Tuvo que desviar su atención hacia Castilla al morir Alfonso VI (30.6.1109). El difunto soberano había dispuesto que su hija y heredera Urraca*, viuda de Raimundo de Borgoña, contrajera -ese mismo año- segundas nupcias con el rey aragonés. Se dispuso que ambas coronas recayesen en el posible hijo de los nuevos cónyuges. Este proyecto lesionaba claramente los intereses de Alfonso Raimúndez, vástago de Urraca, apoyado por importantes elementos de la aristocracia de Galicia; y chocaba con las ambiciones de Teresa, hermana bastarda de Urraca y esposa de Enrique de Borgoña, a quien Alfonso VI había encomendado el condado de Portugal. A estas discrepancias se añadieron las desavenencias e incompatibilidad entre los esposos, cuyo matrimonio fue considerado nulo en razón de parentesco por ciertos prelados. El conflicto se zanjó con el repudio de Urraca (1114).

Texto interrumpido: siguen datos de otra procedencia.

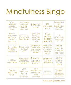 Learn to embrace mindfulness with mindfulness bingo Mindfullness

El monarca decidió consagrarse de nuevo a la guerra contra los infieles, que en una esporádica acción fronteriza habían sufrido el descalabro de Valtierra* (1110). Se preparó así la campaña sobre Zaragoza, proclamada como cruzada por el concilio de Toulouse, celebrado a comienzos de 1118. La hueste de los pamploneses y aragoneses, engrosada ampliamente por caballeros ultrapirenaicos, tras concentrarse en Ayerbe, fue ocupando en su marcha las plazas de Almudévar, Gurrea de Gállego y Zuera. La capital cesaraugustana, asediada durante seis meses, tuvo que capitular (18.12.1118). Con ella quedó prácticamente a disposición de los cristianos todo el antiguo reino taifa del valle medio del Ebro y no tardaron en caer los demás núcleos de importancia, como Tudela (25.2.1119) y Tarazona. A la ocupación efectiva de las tierras de Soria (marzo 1120) siguió en junio del propio año la victoria de Cutanda sobre el ejército almorávide que acudía en socorro de Calatayud, que fue ocupada enseguida, lo mismo que Daroca y otras localidades de los valles del Jalón y del Jiloca; la frontera se adelantó hasta Monreal del Campo y Singra, como punta de lanza hacia las costas levantinas. Para abrir otra brecha en dirección a las aguas mediterráneas, volvió el monarca sus armas contra Lérida, cuyo gobernador buscó el apoyo del conde Ramón Berenguer IV de Barcelona. En réplica acampó Alfonso frente a aquella ciudad (1122) y fortificó las alturas de Gardeny (1123). La intervención del barcelonés y del conde de Poitiers frustró esta campaña.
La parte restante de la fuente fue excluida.